**THE TASK:**
Exact transcription, pictures omitted: reproduce the listing below.

** RECORD SET follows **

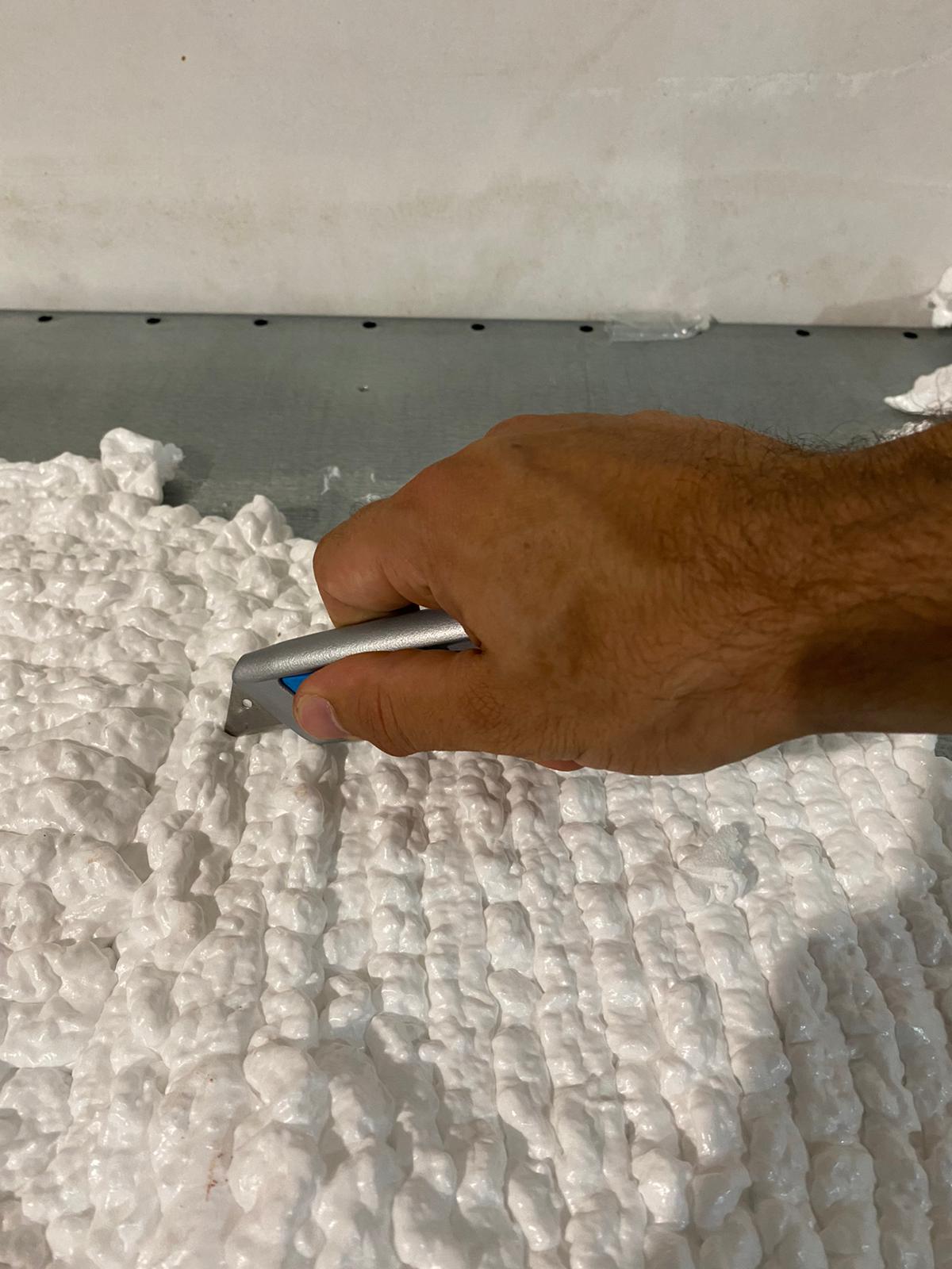 De eerste stap is zoveel mogelijk van het purschuim mechanisch verwijderen. Dit kan met behulp van bijvoobeeld een olfames. Als het een beetje loslaat kan je proberen het met je handen los te trekken. Blijf rustig snijden als dit niet lukt.
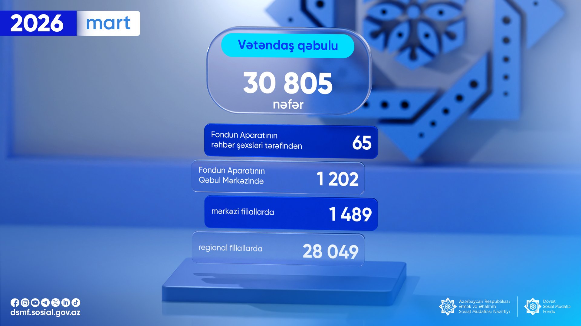 2026-cı ilin mart ayı ərzində Dövlət Sosial Müdafiə Fondunun fəaliyyət istiqamətləri üzrə ümumilikdə 30 805 vətəndaş qəbul edilib və onların müraciətləri cavablandırılıb.
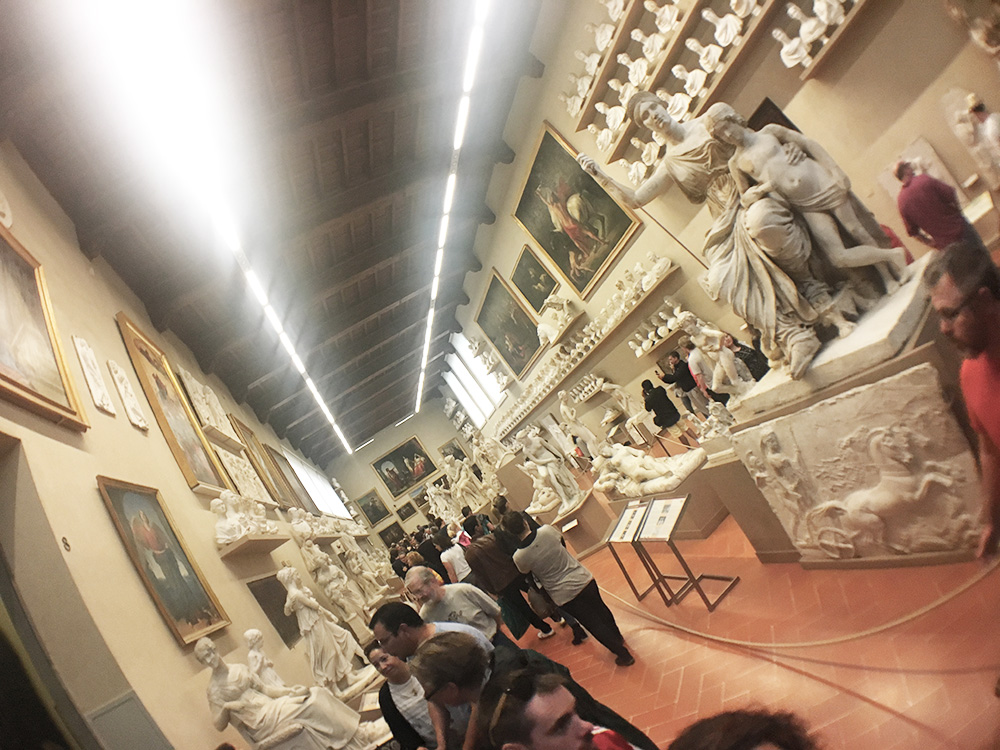 Schlange sah human aus. Wir stellten uns also an und waren tatsächlich keine halbe Stunde später dann auch drin. Ziemlich aufgeblasen das ganze. Gab 2 Räume. In einem Großen: David (vorher sah man auch noch n paar andere Skulpturen, aber ich wette, denen schenkt eigentlich keiner weiter Beachtung) und in einem zweiten, kleineren Raum, so … 100 weitere Statuten. Alle auf engstem Raum. xD
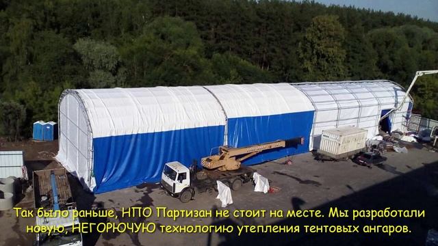 Мы разработали и внедрили в наши конструкции, абсолютно новое решение по строительству тёплых ангаров. НПО Партизан - https://utepla.com/uteplenie-angara/ +7 (985) 920-85-20 Москва +7 (977) 816-00-36 +7 (978) 789-85-86 Симферополь utepla@mail.ru СП 16.13330.2011 Стальные конструкции. Актуализированная редакция СНиП II-23-81* (с Изменением N 1) гласит, что «Конструкция силового каркаса постоянно доступны для наблюдения, оценки технического состояния, выполнения профилактических и ремонтных работ, установки оборудования без нарушения целостности утеплённого покрытия». В связи с этим мы не делаем нижний тент в сооружении ниже металлического каркаса кровли, каркас у нас открыт, как и предписывает нам СП. Да и в конденсате негорючий слой утепления, даже с учётом пароизоляции долго не живёт. Мы пошли другим путём, на верхний тент мы закрепляем наши Термоматы НГ (Не горючие) во весь пролёт, плотно скрепляем их между собой и накрываем вторым слоем тентового полотна. Секции тканевого материала выполняются цельными, что позволяет избежать протечек и сквозняков. Установка герметично-цельного мембранного покрытия (так называемого пирога) на верхний пояс арок по нашей технологии, позволяет избежать образования конденсата на стенах и кровле конструкции, и тем самым исключить эффект парной внутри помещения. Комфортный микроклимат не хуже, чем в капитальном сооружении с теплопотерями класса А. Ввиду отсутствия воздушной прослойки между утеплителем и тентом по технологии «Гибкий сэндвич», внутри изделия не образуется конденсат, а в самом помещении сухо и тепло как в капитальном здании.
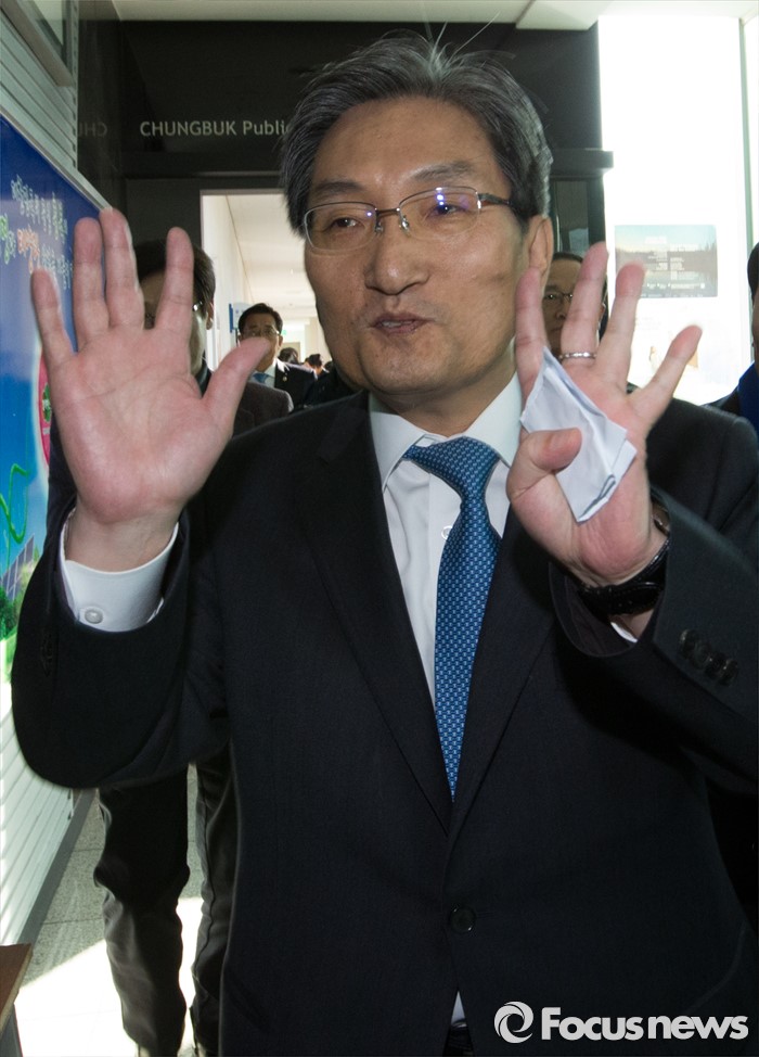 (청주=포커스뉴스) 노영민 더불어민주당 의원이 1일 오후 충북 청주 충북도청 기자실에서 4.13 총선 불출마 선언 기자회견을 마치고 기자회견장을 나서고 있다.
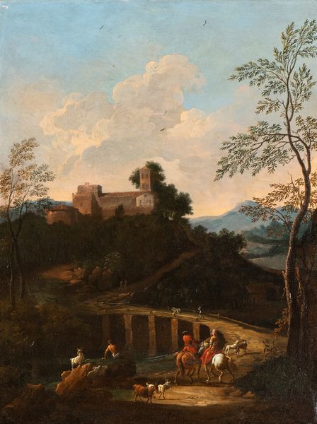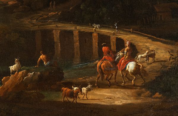 Paesaggio con ponte, cavalieri, pastori e armenti
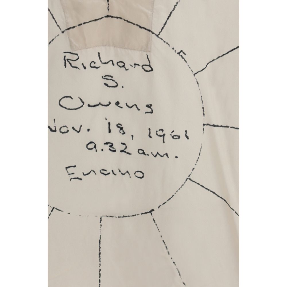 The Cropped Flightsuit Top, below hip length at the front and slightly longer at the back with side slits and a V neck, by Rick Owens features a centered print reproducing the designer’s astrological natal chart. The motif is an exact copy of the hand-drawn chart created by his father John on the day of his birth in 1961, positioned so that the circle sits prominently on the front. The essential construction and asymmetric length enhance the silhouette with bold balance, making this Cropped Flightsuit Top by Rick Owens a conceptual piece rich in symbolic meaning.
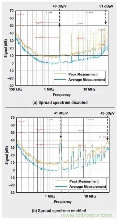 圖2:禁用和啟用擴頻的噪聲比較
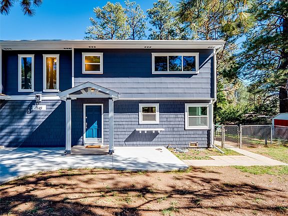 This beautifully renovated modern two-story home is located in the desirable N Community neighborhood, just seconds from Urban Park, schools, and scenic trails. Dedicated parking spots at street level provide convenient access before you head down the stairs into the inviting front yard surrounded by mature trees and lush green grass. The freshly painted blue exterior gives this home a cheerful curb appeal that welcomes you in. Step inside to find brand-new flooring flowing throughout the home and a bright, open concept living and dining space designed for both comfort and entertaining. The spacious living room features an added bonus area perfect as a sunroom, reading nook, or creative workspace. French doors open to a large composite deck ideal for BBQs, outdoor dining, or relaxing under the stars, all encased by a grass lawn and mature trees that create a sense of privacy and tranquility. The completely renovated kitchen is a showstopper, featuring crisp white shaker cabinets with chrome hardware, quartz countertops, and stainless steel appliances. A peninsula with a built-in stove/oven doubles as bar seating, while an adjacent breakfast nook provides the perfect spot to enjoy your morning coffee. Nearby, you’ll find convenient exterior storage closets and off the living room there's a stylish guest bathroom with a walk-in shower with glass enclosure, a modern single-sink vanity, and laundry hookups. Upstairs, the home offers three comfortable bedrooms, including two guest rooms, one with double closets and a spacious primary bedroom with a walk-in closet. The shared full bathroom has been tastefully updated with a single-sink vanity, sleek fixtures, and a tiled shower/tub combo. Move-in ready and thoughtfully upgraded throughout, this home blends modern finishes with a warm, inviting atmosphere. Come see this beautiful home today!
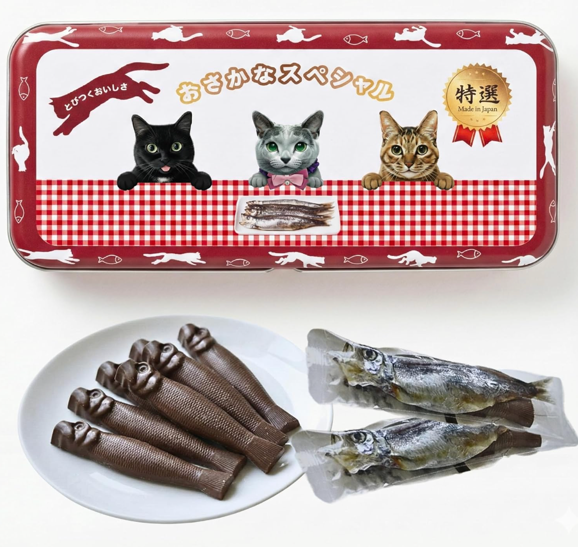 The Alneka Cat Tin is a charming gift for any cat lover. This set includes eight pieces of realistic fish-shaped chocolate inside a beautiful metal case. Each chocolate looks like a small fish, making it a fun surprise when you open the lid. The design brings a smile to your face and starts happy conversations. 🇯🇵 🐱
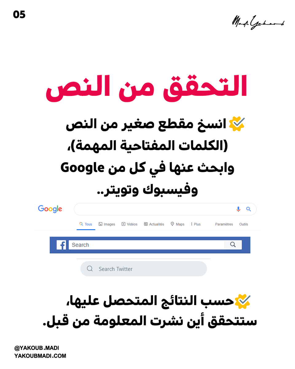 أشارك معكم بعض الخطوات والأدوات المفيدة في اكتشاف صحة أي خبر أو صورة او فيديو قبل أن نساهم في نشره ونكون سببا في نشر اشاعات أو معلومات مغلوطة✅
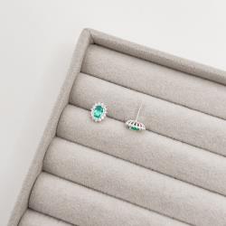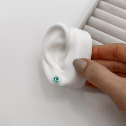Brinco zircônia oval acqua com cravejado 10mm

** End of RECORD SET **

**PROBLEM SOLUTION:**
 De eerste stap is zoveel mogelijk van het purschuim mechanisch verwijderen. Dit kan met behulp van bijvoobeeld een olfames. Als het een beetje loslaat kan je proberen het met je handen los te trekken. Blijf rustig snijden als dit niet lukt.
 2026-cı ilin mart ayı ərzində Dövlət Sosial Müdafiə Fondunun fəaliyyət istiqamətləri üzrə ümumilikdə 30 805 vətəndaş qəbul edilib və onların müraciətləri cavablandırılıb.
 Schlange sah human aus. Wir stellten uns also an und waren tatsächlich keine halbe Stunde später dann auch drin. Ziemlich aufgeblasen das ganze. Gab 2 Räume. In einem Großen: David (vorher sah man auch noch n paar andere Skulpturen, aber ich wette, denen schenkt eigentlich keiner weiter Beachtung) und in einem zweiten, kleineren Raum, so … 100 weitere Statuten. Alle auf engstem Raum. xD
 Мы разработали и внедрили в наши конструкции, абсолютно новое решение по строительству тёплых ангаров. НПО Партизан - https://utepla.com/uteplenie-angara/ +7 (985) 920-85-20 Москва +7 (977) 816-00-36 +7 (978) 789-85-86 Симферополь utepla@mail.ru СП 16.13330.2011 Стальные конструкции. Актуализированная редакция СНиП II-23-81* (с Изменением N 1) гласит, что «Конструкция силового каркаса постоянно доступны для наблюдения, оценки технического состояния, выполнения профилактических и ремонтных работ, установки оборудования без нарушения целостности утеплённого покрытия». В связи с этим мы не делаем нижний тент в сооружении ниже металлического каркаса кровли, каркас у нас открыт, как и предписывает нам СП. Да и в конденсате негорючий слой утепления, даже с учётом пароизоляции долго не живёт. Мы пошли другим путём, на верхний тент мы закрепляем наши Термоматы НГ (Не горючие) во весь пролёт, плотно скрепляем их между собой и накрываем вторым слоем тентового полотна. Секции тканевого материала выполняются цельными, что позволяет избежать протечек и сквозняков. Установка герметично-цельного мембранного покрытия (так называемого пирога) на верхний пояс арок по нашей технологии, позволяет избежать образования конденсата на стенах и кровле конструкции, и тем самым исключить эффект парной внутри помещения. Комфортный микроклимат не хуже, чем в капитальном сооружении с теплопотерями класса А. Ввиду отсутствия воздушной прослойки между утеплителем и тентом по технологии «Гибкий сэндвич», внутри изделия не образуется конденсат, а в самом помещении сухо и тепло как в капитальном здании.
 (청주=포커스뉴스) 노영민 더불어민주당 의원이 1일 오후 충북 청주 충북도청 기자실에서 4.13 총선 불출마 선언 기자회견을 마치고 기자회견장을 나서고 있다.
 Paesaggio con ponte, cavalieri, pastori e armenti
 The Cropped Flightsuit Top, below hip length at the front and slightly longer at the back with side slits and a V neck, by Rick Owens features a centered print reproducing the designer’s astrological natal chart. The motif is an exact copy of the hand-drawn chart created by his father John on the day of his birth in 1961, positioned so that the circle sits prominently on the front. The essential construction and asymmetric length enhance the silhouette with bold balance, making this Cropped Flightsuit Top by Rick Owens a conceptual piece rich in symbolic meaning.
 圖2:禁用和啟用擴頻的噪聲比較
 This beautifully renovated modern two-story home is located in the desirable N Community neighborhood, just seconds from Urban Park, schools, and scenic trails. Dedicated parking spots at street level provide convenient access before you head down the stairs into the inviting front yard surrounded by mature trees and lush green grass. The freshly painted blue exterior gives this home a cheerful curb appeal that welcomes you in. Step inside to find brand-new flooring flowing throughout the home and a bright, open concept living and dining space designed for both comfort and entertaining. The spacious living room features an added bonus area perfect as a sunroom, reading nook, or creative workspace. French doors open to a large composite deck ideal for BBQs, outdoor dining, or relaxing under the stars, all encased by a grass lawn and mature trees that create a sense of privacy and tranquility. The completely renovated kitchen is a showstopper, featuring crisp white shaker cabinets with chrome hardware, quartz countertops, and stainless steel appliances. A peninsula with a built-in stove/oven doubles as bar seating, while an adjacent breakfast nook provides the perfect spot to enjoy your morning coffee. Nearby, you’ll find convenient exterior storage closets and off the living room there's a stylish guest bathroom with a walk-in shower with glass enclosure, a modern single-sink vanity, and laundry hookups. Upstairs, the home offers three comfortable bedrooms, including two guest rooms, one with double closets and a spacious primary bedroom with a walk-in closet. The shared full bathroom has been tastefully updated with a single-sink vanity, sleek fixtures, and a tiled shower/tub combo. Move-in ready and thoughtfully upgraded throughout, this home blends modern finishes with a warm, inviting atmosphere. Come see this beautiful home today!
 The Alneka Cat Tin is a charming gift for any cat lover. This set includes eight pieces of realistic fish-shaped chocolate inside a beautiful metal case. Each chocolate looks like a small fish, making it a fun surprise when you open the lid. The design brings a smile to your face and starts happy conversations. 🇯🇵 🐱
 أشارك معكم بعض الخطوات والأدوات المفيدة في اكتشاف صحة أي خبر أو صورة او فيديو قبل أن نساهم في نشره ونكون سببا في نشر اشاعات أو معلومات مغلوطة✅
Brinco zircônia oval acqua com cravejado 10mm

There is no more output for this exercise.